When the client initially connects the server will immediately respond
with a listing of each reference it has (all branches and tags) along
with the object name that each reference currently points to.
$ echo -e -n "0039git-upload-pack /schacon/gitbook.git\0host=example.com\0" |
nc -v example.com 9418
00887217a7c7e582c46cec22a130adf4b9d7d950fba0 HEAD\0multi_ack thin-pack side-band side-band-64k ofs-delta shallow no-progress include-tag
00441d3fcd5ced445d1abc402225c0b8a1299641f497 refs/heads/integration
003f7217a7c7e582c46cec22a130adf4b9d7d950fba0 refs/heads/master
003cb88d2441cac0977faf98efc80305012112238d9d refs/tags/v0.9
003c525128480b96c89e6418b1e40909bf6c5b2d580f refs/tags/v1.0
003fe92df48743b7bc7d26bcaabfddde0a1e20cae47c refs/tags/v1.0^{}
0000
Server SHOULD terminate each non-flush line using LF ("\n") terminator;
client MUST NOT complain if there is no terminator.
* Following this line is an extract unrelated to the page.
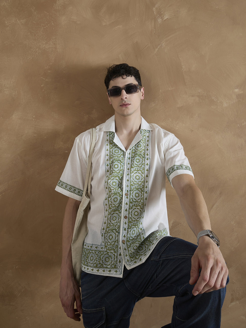 This hand block printed oversized shirt from Dennison brings artisanal charm to modern silhouettes. With a Cuban collar, drop shoulders, and a straight hemline, it's the perfect blend of tradition and trend. Ideal for those who like to keep it cool yet cultured.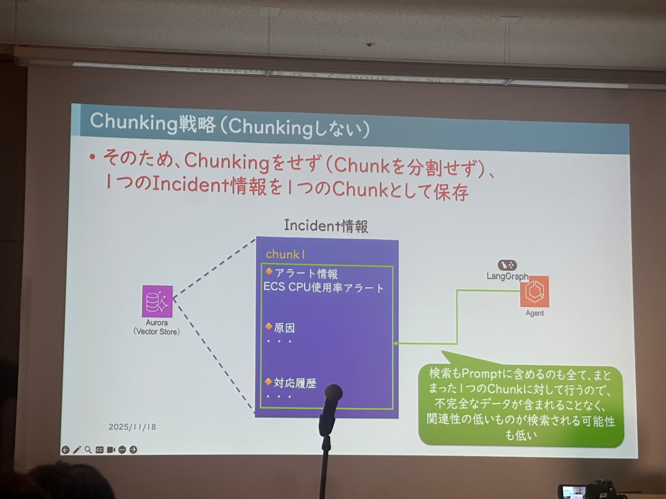 またVector StoreとしてBedrock KnowledgeBaseを使用した点で、あえてチャンキングは行わずIncident情報を一つのチャンクとして保存しているというのが斬新なアプローチだと思いました。

The returned response is a pkt-line stream describing each ref and
its current value. The stream MUST be sorted by name according to
the C locale ordering.
If HEAD is a valid ref, HEAD MUST appear as the first advertised
ref. If HEAD is not a valid ref, HEAD MUST NOT appear in the
advertisement list at all, but other refs may still appear.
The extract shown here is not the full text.